Study quality assessment
The quality of the studies included in this work was evaluated using the Newcastle-Ottawa Scale (NOS) for observational studies . The NOS scale allowed evaluating the methodological quality of the included studies in three main domains: selection, comparability, and exposure/outcome. The NOS scales range from none to nine stars. Stars from 0 to 3 represent low quality, 4 to 6 medium quality, and 7 to 9 high quality. The grading was done by two evaluators (SHM, SA), working independently and in duplicate, with disagreement resolved by consensus.

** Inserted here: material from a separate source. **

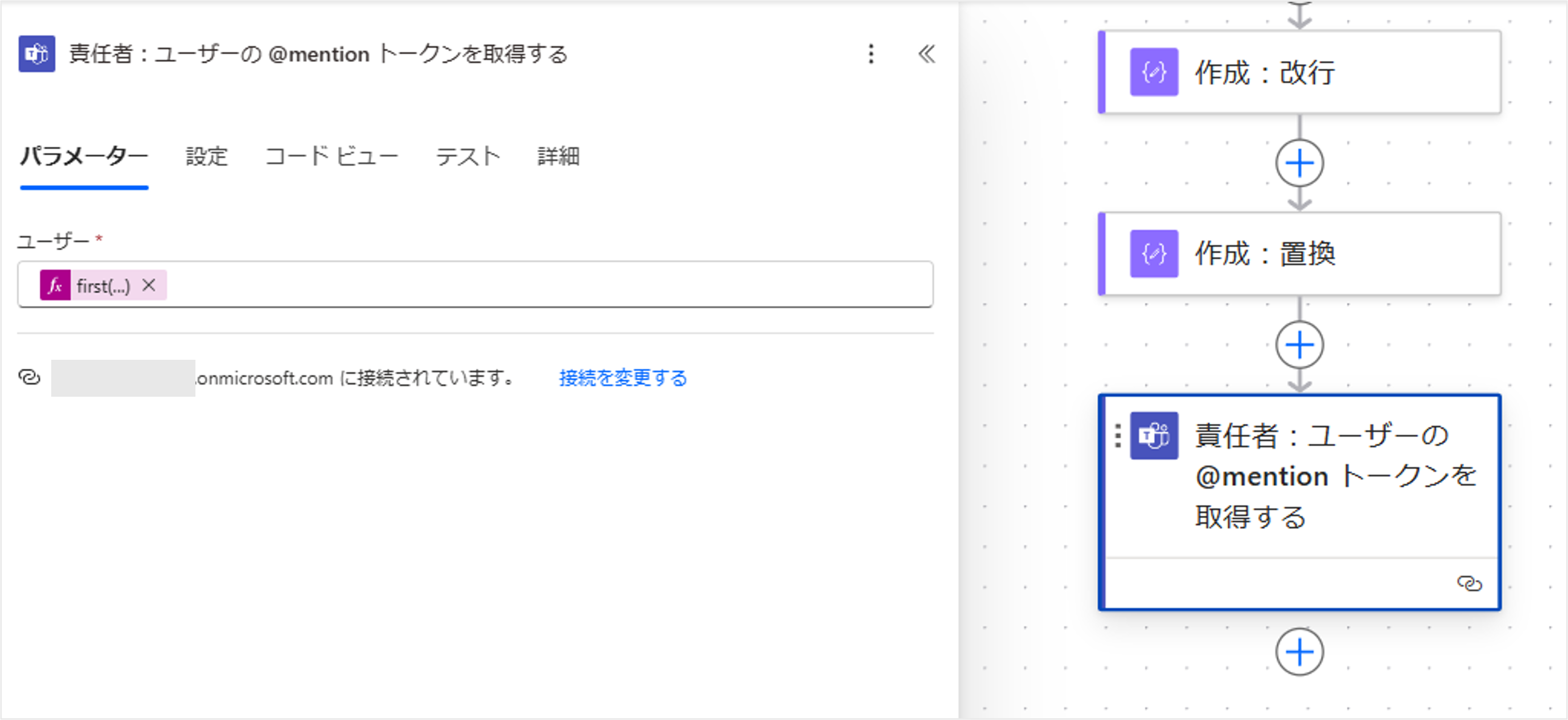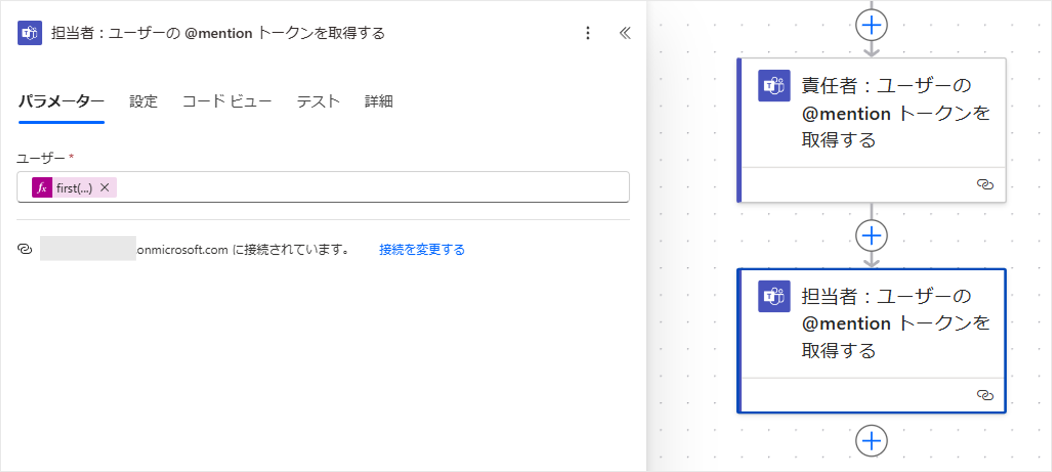 Microsoft Teamsの「ユーザーの @mention トークンを取得する」アクションを追加します。

OR and SMD were used to pool the studies and calculate summary estimates. Thus, two separate meta-analyses were done; one for studies which reported OR and the other for studies which reported SMD. The OR represents the odds of VDD in women wearing concealing clothing compared with women not wearing concealing clothing. The SMD represents the difference in the mean serum of 25(OH)D of women wearing and not wearing concealing clothing. For studies which reported only OR or SMD without 95%CI, we calculated the corresponding 95%CI and standard error (SE) using the reported p-values. When exact p-values were reported, they were directly used for the calculation of 95%CI and SE. If P-values were reported as P<0.001, we assumed P=0.001 to calculate the corresponding 95%CI and SE, and if the study reported P>0.05, we assumed P=0.53 . We aimed to calculate the summary estimates, pooled OR and SMD, with fixed-effects model if there was no significant level of heterogeneity or with DerSimonian-Laird random-effects model if there was a significant level of heterogeneity .
Heterogeneity between the included studies was evaluated by I2-metrics. I2 refers to the proportion of variance attributable to between studies’ heterogeneity. I2-values of <40%, 50–75%, and >75% refer to low, moderate, and high levels of heterogeneity, respectively . When heterogeneity was high, we conducted further subgroup analyses to identify the sources of heterogeneity and provided estimates by subgroups.
Publication bias and sensitivity analysis
We aimed to evaluate publication bias graphically by visual inspection of asymmetry of funnel plots and statistically by Egger's regression test. Sensitivity analysis was conducted following the leave-one-out and analyze the rest method. We aimed to exclude studies, the exclusion of which resulted in pooled estimates outside the 95% CI of the overall estimate. Statistical significance was determined at P=0.05. All statistical analyses were done using Stata version 15.0 software.